Типография «Гриффин» была не просто местом работы. Это был живой нервный узел Лондона. Сюда, в этот шумный, пропахший краской и бумагой хаос, новости стекались раньше, чем в самые оперативные редакции. Джек Хопкинс видел заказы на фальшивые афиши и объявления, читая между строк. Эллен Брайт вылавливала сенсации и компромат, замаскированные в светской хронике и некрологах. Томми ОЛири ловил шепот улиц, рынков и темных переулков. Они были глазами, ушами и неофициальной информационной сетью Джулиана Элмвуда. Без них он был бы как мастер без инструментов. С ними же — он мог разгадать любой секрет, спрятанный в каменных джунглях викторианской столицы.
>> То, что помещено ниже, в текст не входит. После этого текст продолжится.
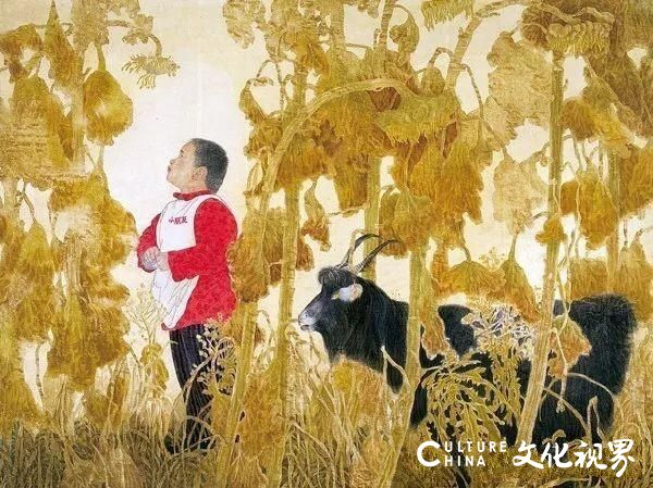 秋天应该是我收获最多的季节,当难熬的夏季刚过,我有一种无法遏制的冲动,逃离这个躁动的城市,赶到田园中去!如果说热爱自然,我当然更热爱这种远离尘嚣的乡村自然,我喜欢在夕阳中的田垄间漫步,希望能看到垂着脑袋的向日葵。我对夏日里的向日葵好像没有好感,总感觉她扬着高傲的头向着太阳,有点张扬,开的花太黄显得有些刺眼,肥大的叶子太绿,绿的生生地没有一点变化。秋日的向日葵更让我觉得亲近,这时她已经变得谦虚了,静静的低着头,像一个很守妇道的村姑,叶子也不像夏天那么张扬和伸展,有些下垂,颜色也开始渐渐的变黄变赭,变的有些伤感。不知为什么,我的骨子里居然喜欢这种凄美的伤感,看到“她”总让我想起操劳一生已经远去多年的母亲,此时的眼角有些湿润。正是以这些向日葵的白描为基础,我创作了《骄阳》、《沉寂的阳光》等诸多代表性作品。后来我发现荷兰画家梵高也画了不少向日葵的作品,一些褪去了绿色完全变黄变赭的向日葵,原来他喜欢更老一点的向日葵,估计有恋母倾向。
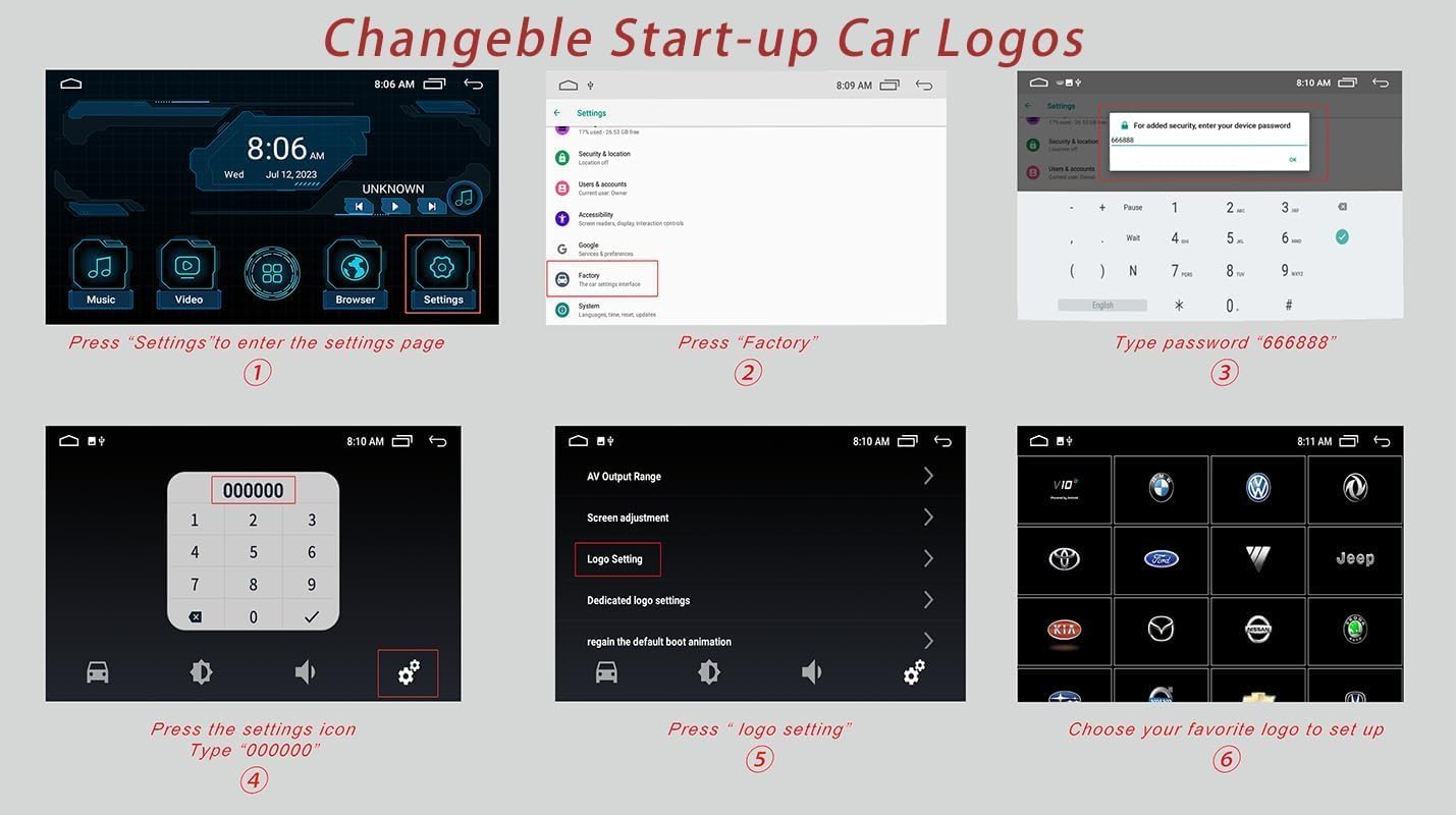 - 【 Logo Setting】 The boot logo is diversify, not only can you set the car logo, you can also set pictures, family and pets.* Logo Set-up Steps* ①Press "Settings" to enter the settings page.②Press "Factory". ③Type password "666888". ④Press the settings icon and Type“000000”. ⑥Choose your favourite logo to set up.

И вот заветный третий этаж. Молодого сыщика встречала внушительная черная дверь, больше похожая на портал в иное измерение, чем на вход в офис. На ней висел маленький, но звенящий колокольчик и лаконичная табличка: «Для курьеров и отчаяния». Ирония витала в самом воздухе лестничной клетки.

Открыв дверь, Джулиана встретил знакомый, вечный хаос — его естественная среда обитания. Пыль, осевшая на решетчатых окнах, превращала стекла в матовые экраны, на которых едва угадывались силуэты бесконечных картотек и призрак вечно коптящей газовой лампы, отбрасывавшей дрожащие тени.

Приемная была попыткой навести подобие порядка, быстро сметаемым жизнью конторы. Слегка потертые бархатные кресла — свидетели тысяч нервных ожиданий — стояли напротив скромного мраморного столика. На нем, как сакральный артефакт, покоилась подшивка «Полицейской хроники», зачитанная до дыр. Главным украшением стены была гигантская карта Лондона, превращенная в поле битвы преступлений. Цветные булавки отмечали точки интереса: черные — дерзкие кражи, белые — запутанные супружеские измены (самые щекотливые дела конторы), синие — тонкие нити шантажа. Карта жила, дышала, обрастая новыми отметками ежедневно.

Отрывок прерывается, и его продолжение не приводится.